**Problem statement**: Across the whole listing, return each line exactly, with no images included.

**Records for the exercise**:
--------------------------------------------------
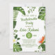 Personalisierter Name der tropischen hawaiischen Themasommer-Junggeselinnen-Abschieds-Einladungen in der eleganten Skriptbeschriftung. Eingefaßt mit grünen botanischen, tropischen Palmblättern mit Paradiesvogel und Blumen Elfenbein Plumeria (Frangipani). Rückseite hat zusammenpassenden festen grünen Hintergrund, der zu jeder möglicher Farbe geändert werden kann. Verwenden Sie besonders anfertigen es Knopf, um alles zu ändern - Schriftartarten, -größen, -farben oder -platzierung. Wir haben die koordinieren, tropische Themahochzeitsversorgungen und Dekor in unserem Zazzle.com/angela65*-Geschäft.
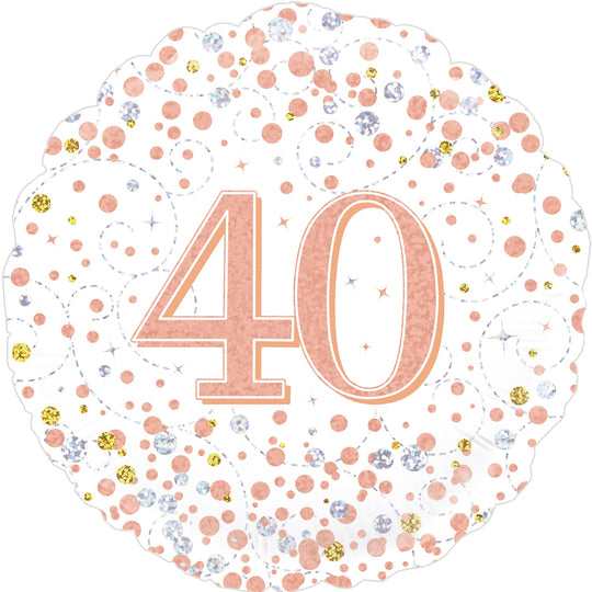 18" 40th Sparkling Fizz Birthday White & Rose Gold Holographic Oaktree Foil Balloon
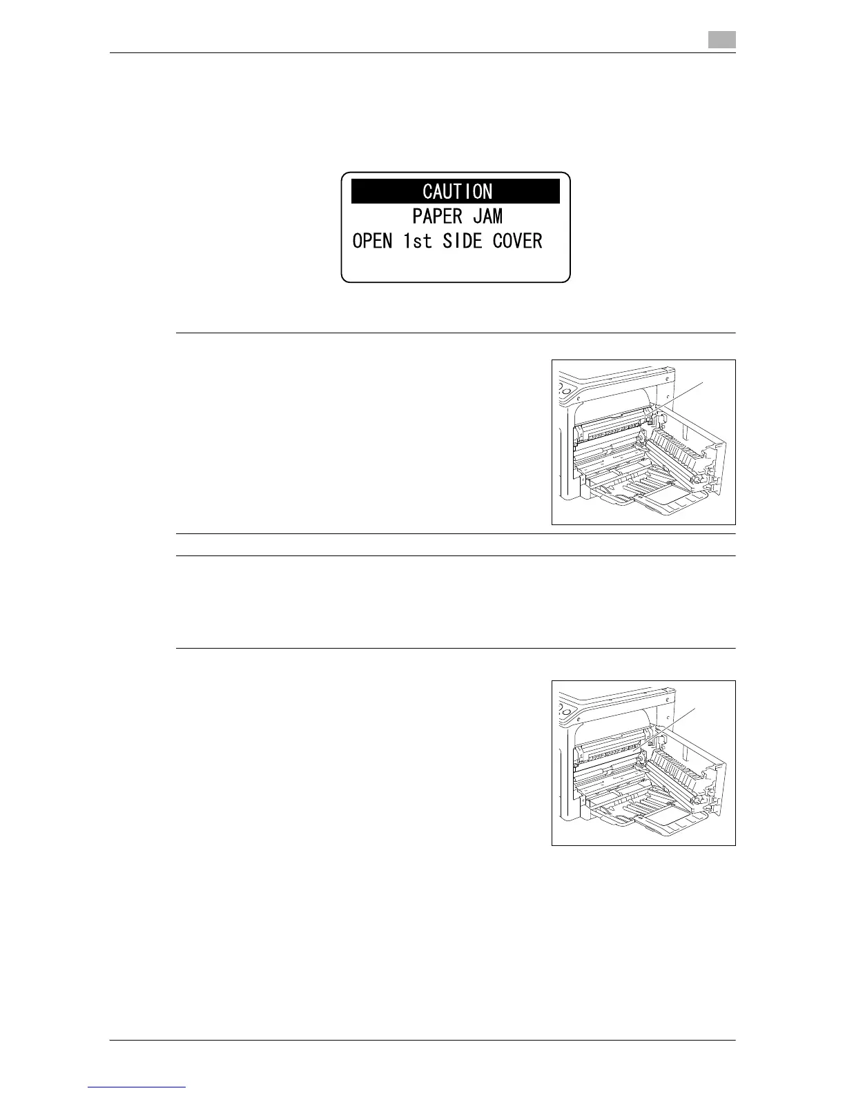 If a paper jam occurs, the message [PAPER JAM OPEN 1st SIDE COVER] appears.
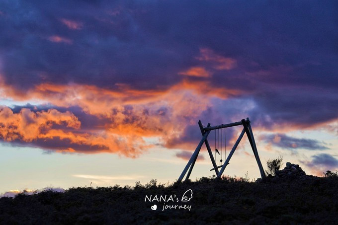另外一个秋千是正对贡嘎的,不过今天拍不到和贡嘎的合影,就看看火烧云下的文艺圣地吧~
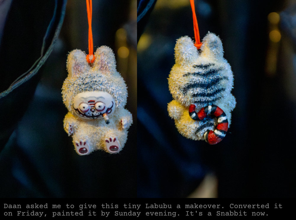 After a brief sleep, fun resumed on Saturday with more workshops and free making. I got a request to convert a Labubu into something more or less cursed, so I worked on that here and there. But mostly I spent my time hanging out with creative people and chatting.
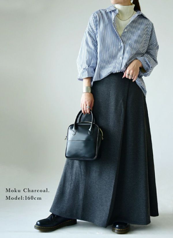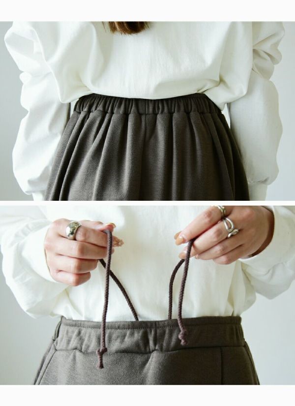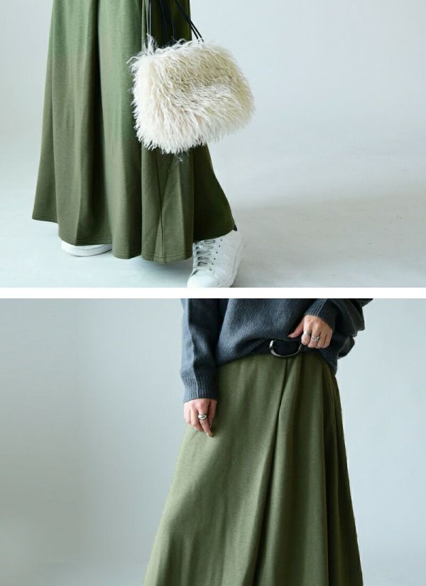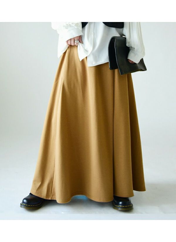 Aラインが女性らしくたっぷりロング丈で大人っぽい印象に。ふんわり裏シャギーが暖かい穿き心地♪
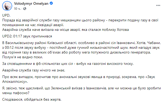 Первые сообщения о взрыве газа в поселке под Киевом появились после полуночи. Певица Гайтана, которая живет в расположенном неподалеку коттеджном комплексе "Маеток" (именно там был дом Зеленского, который он продал), опубликовала сообщение в соцсети. Она сообщила, что в ее доме дрожат окна и звук такой, как будто упал самолет.
--------------------------------------------------
**Answer**:
 Personalisierter Name der tropischen hawaiischen Themasommer-Junggeselinnen-Abschieds-Einladungen in der eleganten Skriptbeschriftung. Eingefaßt mit grünen botanischen, tropischen Palmblättern mit Paradiesvogel und Blumen Elfenbein Plumeria (Frangipani). Rückseite hat zusammenpassenden festen grünen Hintergrund, der zu jeder möglicher Farbe geändert werden kann. Verwenden Sie besonders anfertigen es Knopf, um alles zu ändern - Schriftartarten, -größen, -farben oder -platzierung. Wir haben die koordinieren, tropische Themahochzeitsversorgungen und Dekor in unserem Zazzle.com/angela65*-Geschäft.
 18" 40th Sparkling Fizz Birthday White & Rose Gold Holographic Oaktree Foil Balloon
 If a paper jam occurs, the message [PAPER JAM OPEN 1st SIDE COVER] appears.
另外一个秋千是正对贡嘎的,不过今天拍不到和贡嘎的合影,就看看火烧云下的文艺圣地吧~
 After a brief sleep, fun resumed on Saturday with more workshops and free making. I got a request to convert a Labubu into something more or less cursed, so I worked on that here and there. But mostly I spent my time hanging out with creative people and chatting.
 Aラインが女性らしくたっぷりロング丈で大人っぽい印象に。ふんわり裏シャギーが暖かい穿き心地♪
 Первые сообщения о взрыве газа в поселке под Киевом появились после полуночи. Певица Гайтана, которая живет в расположенном неподалеку коттеджном комплексе "Маеток" (именно там был дом Зеленского, который он продал), опубликовала сообщение в соцсети. Она сообщила, что в ее доме дрожат окна и звук такой, как будто упал самолет.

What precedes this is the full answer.